A Ukrainian soldier launches a U.S. antitank missile during training outside Kyiv in May 2018.

WASHINGTON -- The U.S. Department of Defense will provide $250 million to enhance Ukraine's military capabilities as the nation continues to battle Russia-backed separatists in its eastern regions.

The latest tranche of assistance is aimed at strengthening Ukraine's naval and ground forces through additional training and the provision of weapons, the Pentagon said in a statement on June 18.

Russia is supporting the separatists with "very serious hardware," including more than 450 tanks and 700 pieces of heavy equipment, former U.S. Ambassador to Ukraine John Herbst, told the Senate Foreign Relations Committee during a hearing on the country that followed the Pentagon announcement.

Herbst told the Senate members that the United States should supply more weapons to Ukraine to stymie what he said is a plan by Russian President Vladimir Putin to weaken Europe and NATO.

"We are in a period of great-power conflict that pits the democratic world against revisionist authoritarians," Herbst said. "The U.S. has a vital interest in stopping Kremlin revisionism, and the place to do it is in Ukraine."

Putin can't afford a war that leads to a large number of dead Russian soldiers because citizens of his nation have shown little appetite for military action across the border, he told the Senate panel.
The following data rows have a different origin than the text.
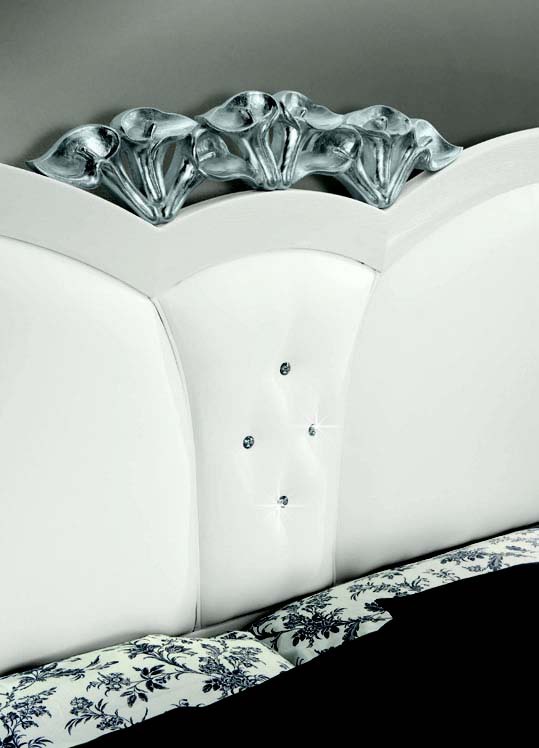 Bed in white lacquer and eco leather with Swarovski crystals Chantal, Arve Style
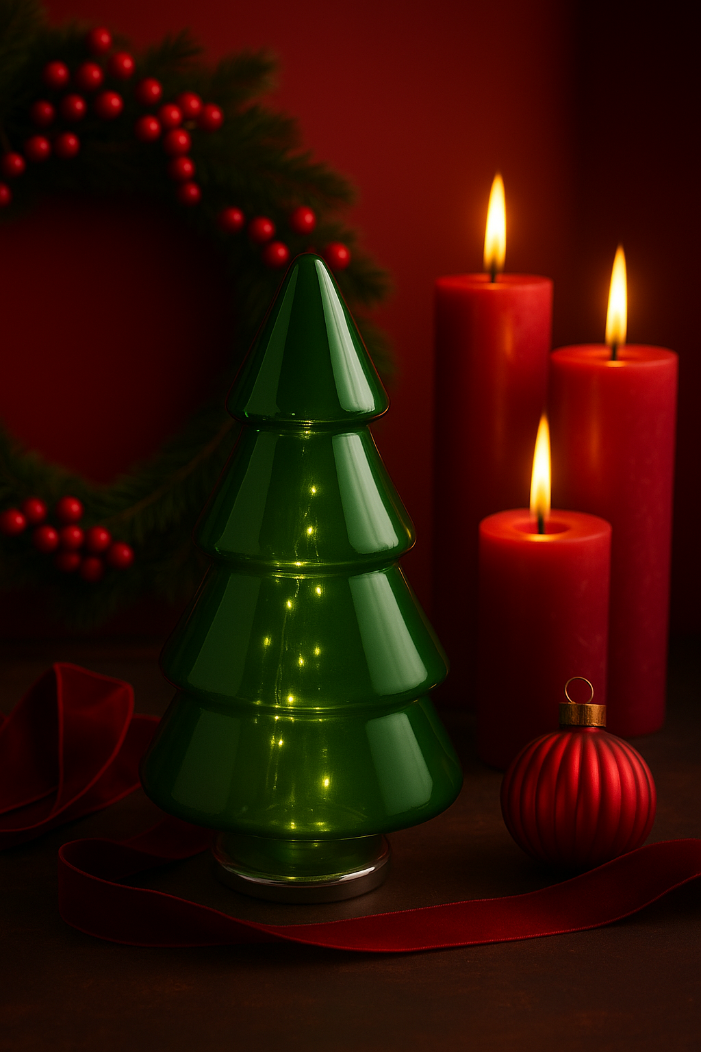Edle, gläserne Weihnachtsbaum-Deko in Flaschengrün, mit integriertem LED-Licht (batteriebetrieben).
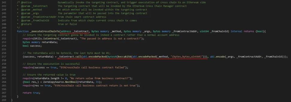 在上面的图中,_executeCrossChainTx方法没有对传入的参数施加严格的限制,这导致攻击者传入toContract,方法参数被攻击者控制。由于协议的内部关系,攻击者在哈希冲突后传入与putCurEpochConPubKeyBytes方法相同的方法签名。成功调用EthCrossChainData合约的putCurEpochConPubKeyBytes方法,直接修改中继链验证者的公钥,使其变得可控,然后利用验证者签署恶意的进行资金转移,获取了大量资金。
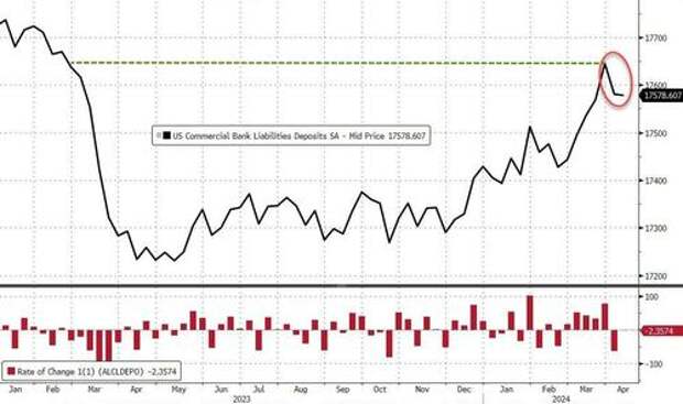 On a seasonally-adjusted basis, total US bank deposits declined for the second straight week (though only $2.4BN) after reaching back to pre-SVB levels...
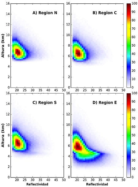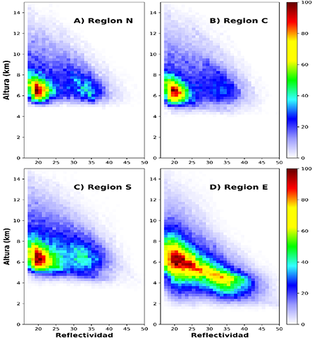 Es conocido que los valores más altos de Ze en niveles medios y altos de la troposfera corresponden a las velocidades verticales más intensas, y que la altura del máximo Ze en la distribución de frecuencia normalizada de dicha magnitud cambia para cada tipo de región, debido a que los procesos microfísicas dominantes son distintos (Xu & Zipser, 2012; Saikranthi et al., 2014). Por otra parte, la altura máxima de determinados umbrales de Ze para un sistema de nubes es un indicador fundamental del tipo de tormenta (Xu & Zipser, 2012). Partiendo de la estructura vertical de la reflectividad, Kumar, (2016, 2017b) encontraron que las regiones continentales y oceánicas presentan alta probabilidad de precipitación intensa sobre la altura del nivel de congelación (ANC), presentando diferencias en sus perfiles verticales de reflectividad entre 5 km y 12 km de altitud, de tal manera que las celdas continentales son más intensas que las oceánicas. La máxima altura de los ecos con Ze de al menos 20 dBZ es un indicador clave para conocer la altura limite en que las corrientes ascendentes pueden tener efecto de desviación en las partículas de hielo y precipitación, y la altura máxima de los ecos con al menos 40 dBZ es buen indicador de las intensidades convectivas o de la velocidad de la corriente ascendente (Cecil et al., 2005; Xu & Zipser, 2012).
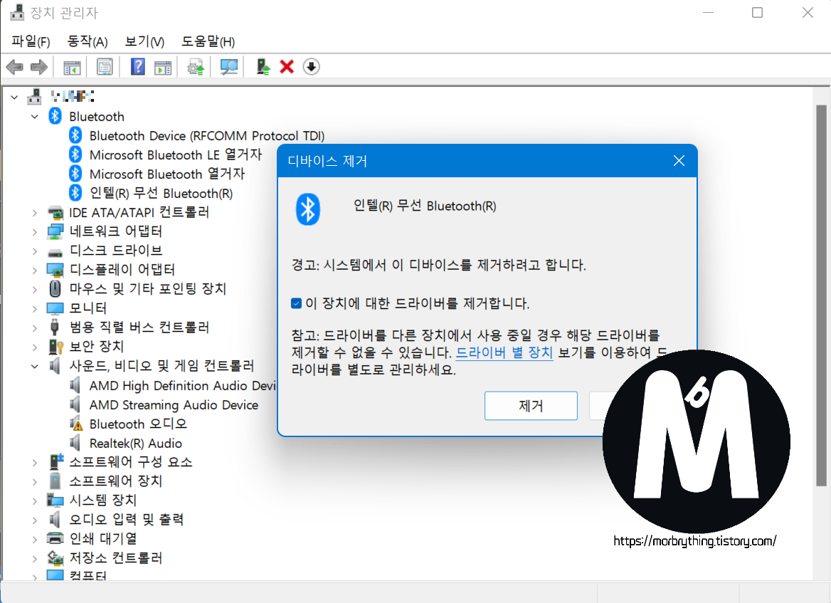 먼저 장치 관리자(시작버튼 오른쪽 마우스)에 들어가 "Bluetooth" 메뉴에 있는 "인텔 무선 Bluetooth" 항목에서 디바이스 제거 (드라이버 포함 제거)를 클릭해 제거해줍니다. 그러면 해당 Bluetooth 항목이 사라지는데,
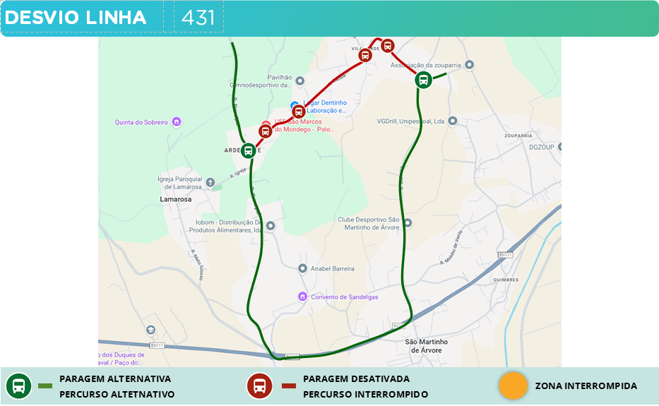 A partir do dia 12 de janeiro (segunda-feira), logo que a sinalização indique, devido a obras em Vila Verde (Coimbra), a linha 431 (ambos os sentidos) tem o seu percurso afetado na Rua da Escola e Rua Fonte de São Pedro.
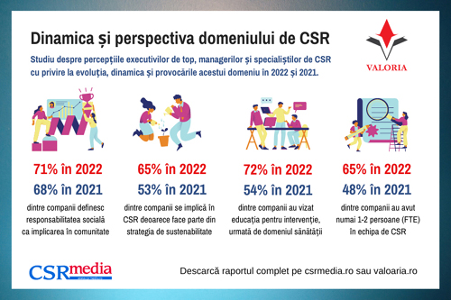 Valoria si CSRMedia.ro au lansat cea de-a zecea editie a studiului ”Dinamica si perspectiva domeniului CSR din Romania”. Acesta este singurul studiu de pe piata autohtona dedicat domeniului CSR care analizeaza tendintele domeniului timp de 10 ani la rand.
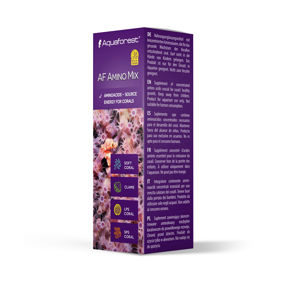 AF Amino Mix replenishes all essential amino acids, helping prevent bleaching and enhancing coral color. Its formula includes biotin, alanine, glutamine, leucine, lysine, serine, and more. This balanced mix increases the density of zooxanthellae, which boosts the production of photosynthetic pigments like chlorophyll. As a result, corals gain more energy from light, maintain excellent condition, and grow faster. Regular use strengthens immunity and noticeably accelerates growth.
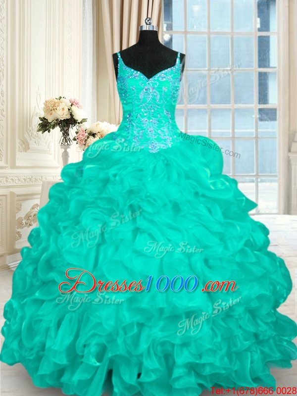 Simple Turquoise Ball Gowns Spaghetti Straps Sleeveless Organza Brush Train Lace Up Beading and Ruffles Quince Ball Gowns

The funding from the Pentagon would enable Ukraine to acquire sniper rifles, rocket-propelled grenade launchers, counterartillery radars, and night-vision equipment among other items, the statement said.

The new tranche will bring total U.S. military support to Ukraine since 2014 to $1.5 billion.

'Key Battleground'

Fighting between government forces and the separatists has killed some 13,000 people since the conflict broke out in eastern Ukraine in April 2014, shortly after Russia seized control of the country’s Crimean Peninsula.

Russia has provided military, economic, and political support to the separatist fighters who still control parts of the Donetsk and Luhansk regions.

Russian naval forces have become active in the conflict over the past 18 months as it seeks to strangle Ukraine's shipping industry, Herbst said. He recommended more support to battle the sea threat.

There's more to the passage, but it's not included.